Featuring double-wishbone suspension at all four wheels and keeping things as dynamically pure as possible by not employing adaptive dampers, the SLS AMG’s key design features cue a car for the purist.

Works on the road

During our evaluation drive (lapping Kyalami and a short run from the circuit to Kromdraai and back) the SLS AMG’s design virtues were tempered by reality.

Firstly, the Gullwing doors are not merely a retro styling gimmick. Requiring only 363mm of operating space they’ll open cleanly in a parking space a lot narrower than conventional swing doors. Just remember to grab the handle as you settle down into the seat – it is embarrassing to get out to regain your grip on the grab handle to ensure it closes as you sit down again…

The cabin architecture is open to a diffuse combination of trim and texture options. Of the SLS AMGs we sampled, the composite console trim and black leather was the best combination to my mind. Classic Mercedes aviation-themed air vents, a new split vertical-spoke steering wheel and redesigned instrument binnacle tally the major cabin design elements of the SLS.

Does it go though? Well, I sampled the SLS on a ride and drive from Kyalami to Kromdraai and back before lapping the circuit. Obviously Dr. Thomas Weber, AMG research and development executive, never envisioned the SLS to traverse roads of such vacillating quality as Gauteng has.

Suffice it to say, AMG’s modern-day Gullwing supercar’s wheel oscillation and rebound calibration is best suited to billiard table smooth road surfaces.

What did appeal on the public road ride and drive was the DCT transmission’s smoothness and the big-block acoustic signature of the 6.2l V8  - especially on overrun. Perhaps one good consequence of the ill-fated Daimler-Chrysler marriage was German exposure to HEMI V8s, because the SLS AMG’s engine is simply the loudest, most sinister V8 soundtrack available in a car with catalytic converters. It sounds like popcorn being made in a nuclear reactor.

The only major debit found during the road drive was an ergonomic one - the cruise control stalk being inadvertently activated when downshifting via the column mounted paddle shift. Surely a car as dynamically focused as the SLS AMG is enhanced by the exclusion of cruise control in principle?

And on the track

Returning to Kyalami for a few laps of the undulating Highveld circuit quickly exposed the SLS AMG’s talents.

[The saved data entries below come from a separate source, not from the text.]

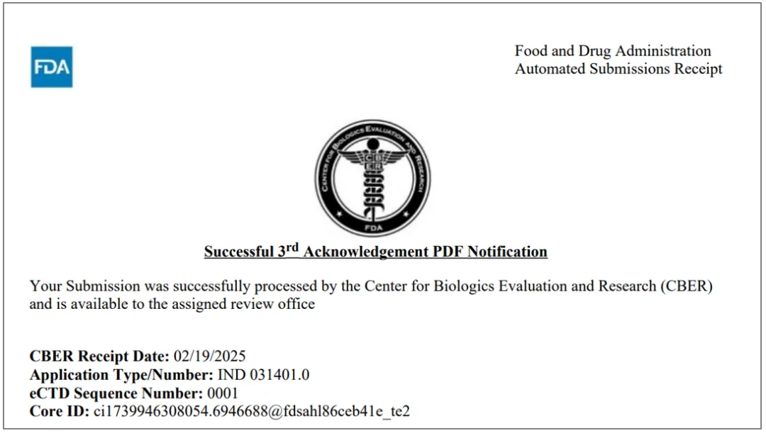 2025年02月19日,上海賽爾欣生物醫療科技有限公司(以下簡稱“賽爾欣生物”)迎來了重大喜訊:其自主研發的NP001(Treg)項目正式獲得美國食品藥品監督管理局(FDA)關于新藥臨床試驗申請(IND)的受理(Application Type/Number: IND 031401.0)。
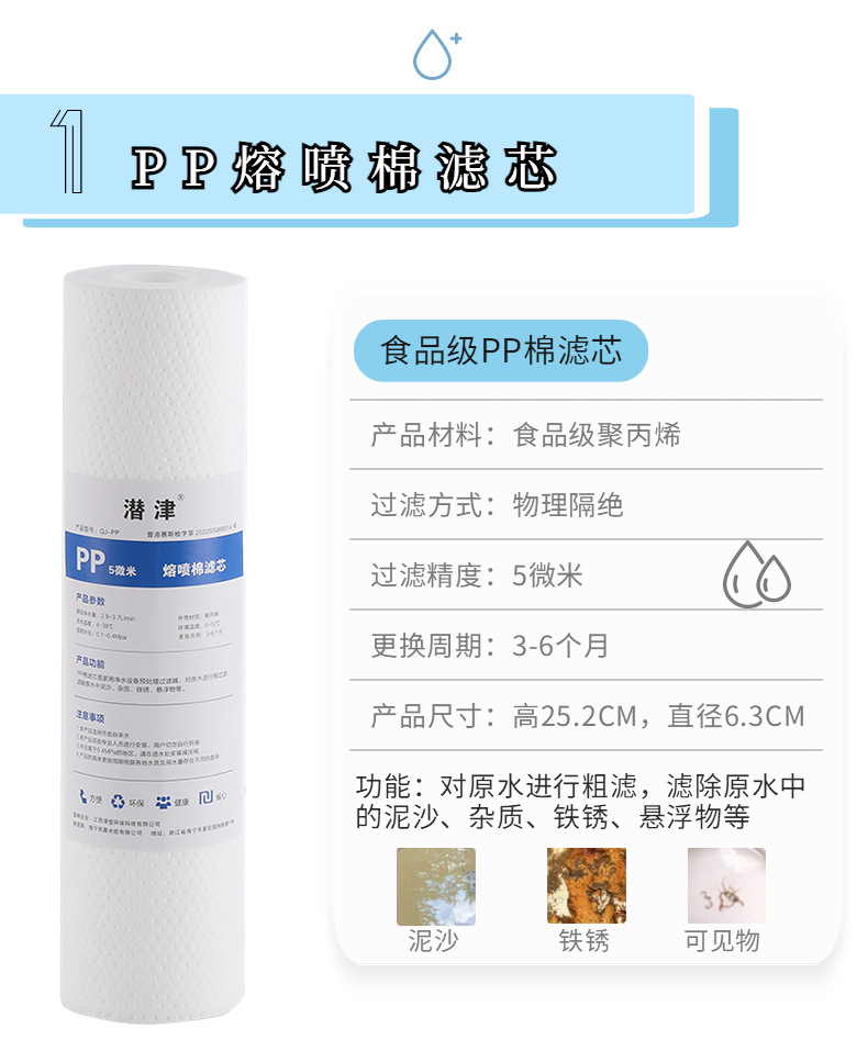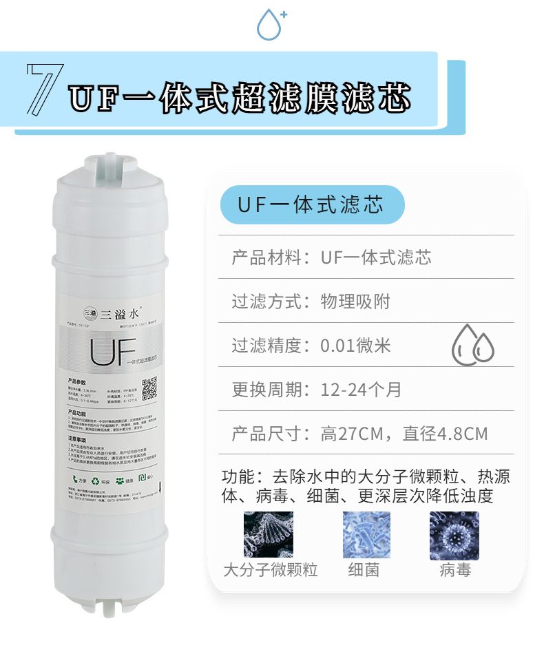 Qinyuan 정수기 필터 요소 UF1 New QG-U-1002/1003 일반 세트 한외 여과 5 단계 필터 요소 전면에 적합
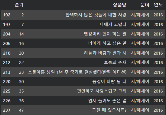 반면에 2016년도 시/에세이의 베스트셀러 도서들을 확인해보면, 아래와 같이 책 제목만 읽어도 힐링되는 느낌이 든다.

Chiefly, it does three things remarkably well.

Firstly, it makes an unholy noise.

Secondly, it builds road- and crankspeed with alarming urgency. Between the engine and road speed dials there is a seven-bar LED display acting as a shift guide of sorts.

The first four bars are white, the fifth one yellow and last two red. If you don’t shift by the time the yellow illuminates you’re stuck on the limiter.

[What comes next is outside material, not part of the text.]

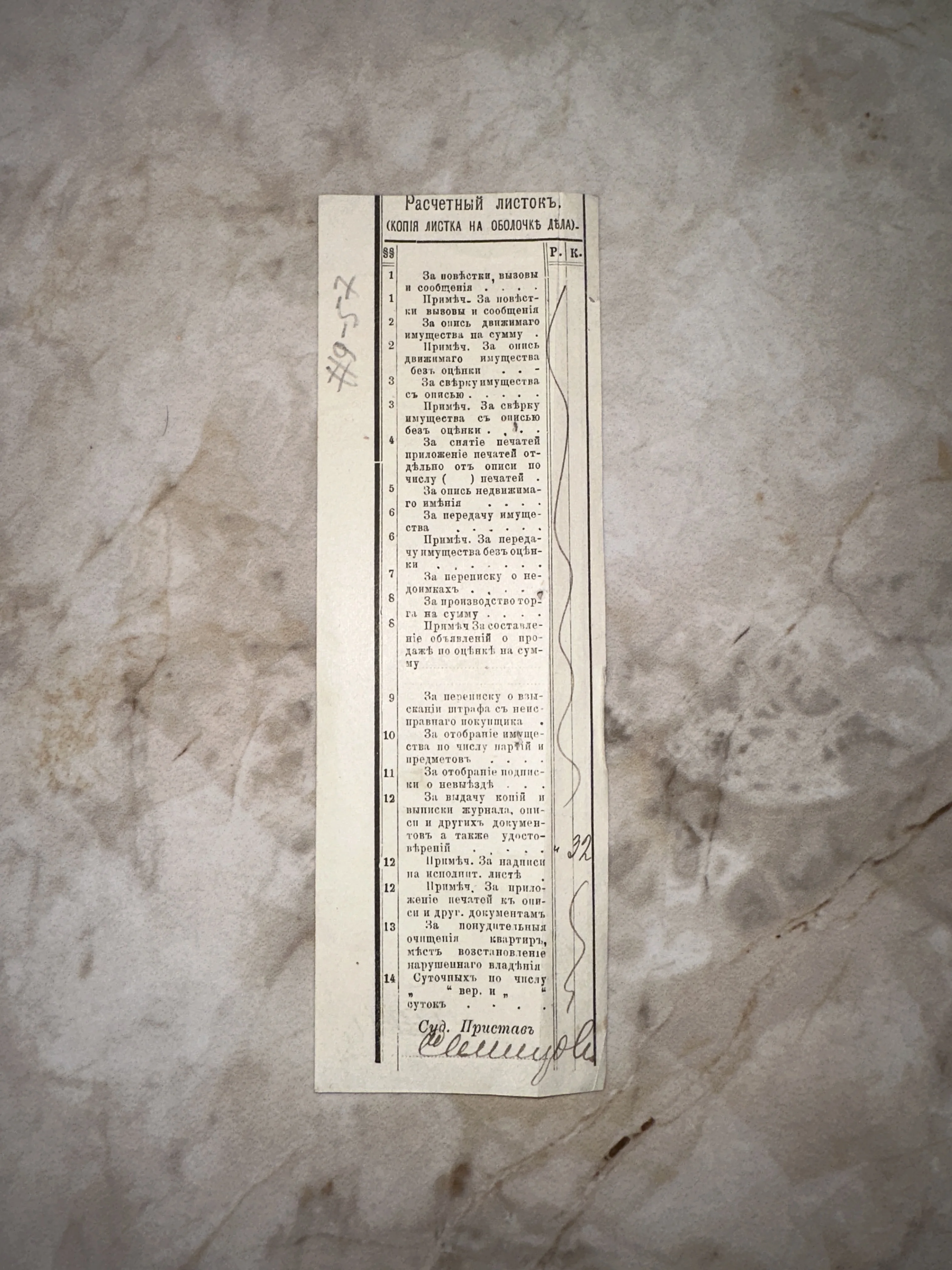 Вертикальный бумажный бланк дореволюционного расчетного листка судебного пристава с типографским текстом и рукописной подписью.

For something of such voluminous capacity, the SLS AMG’s 6.2l V8 converts combustion to piston-speed with competition engine urgency.

Thirdly, it is very well balanced. The rigid aluminium spaceframe chassis, set damping and steering rack location (ahead of the front wheels’ centre point) ensure the SLS AMG turns-in dutifully, even if you are slightly optimistic with your entry speed. Down Kyalami’s mineshaft into the bowl – for instance – it handled the sudden change of axle load and direction with aplomb.

To illustrate just how well balanced the SLS is, Mercedes-Benz’s product specialist Graeme Ingram took me into a pit garage housing all the tyres they intended using for the media event. On closer inspection the worn-in tyres all had symmetrical abrasion patterns across the width of their tread, instead of the asymmetrical left or right bias usually found when road cars are pounded around a demanding circuit.

It is hardly cheap at R2.5 million, yet the SLS AMG feels genuinely special. The local models are better equipped than some other markets too. South African customers get dual-zone climate control, parktronic, COMMAND navigation, reversing camera, integrated media interface and neat car cover as standard.

Carbon-ceramic brakes are R140 000 and the laboriously adjustable AMG bucket seats (requiring complete unbolting to go up or down) are R17 500.

Can you really put a price on the joy (and sound?) of owning the last naturally-aspirated AMG V8 supercar? Thought so.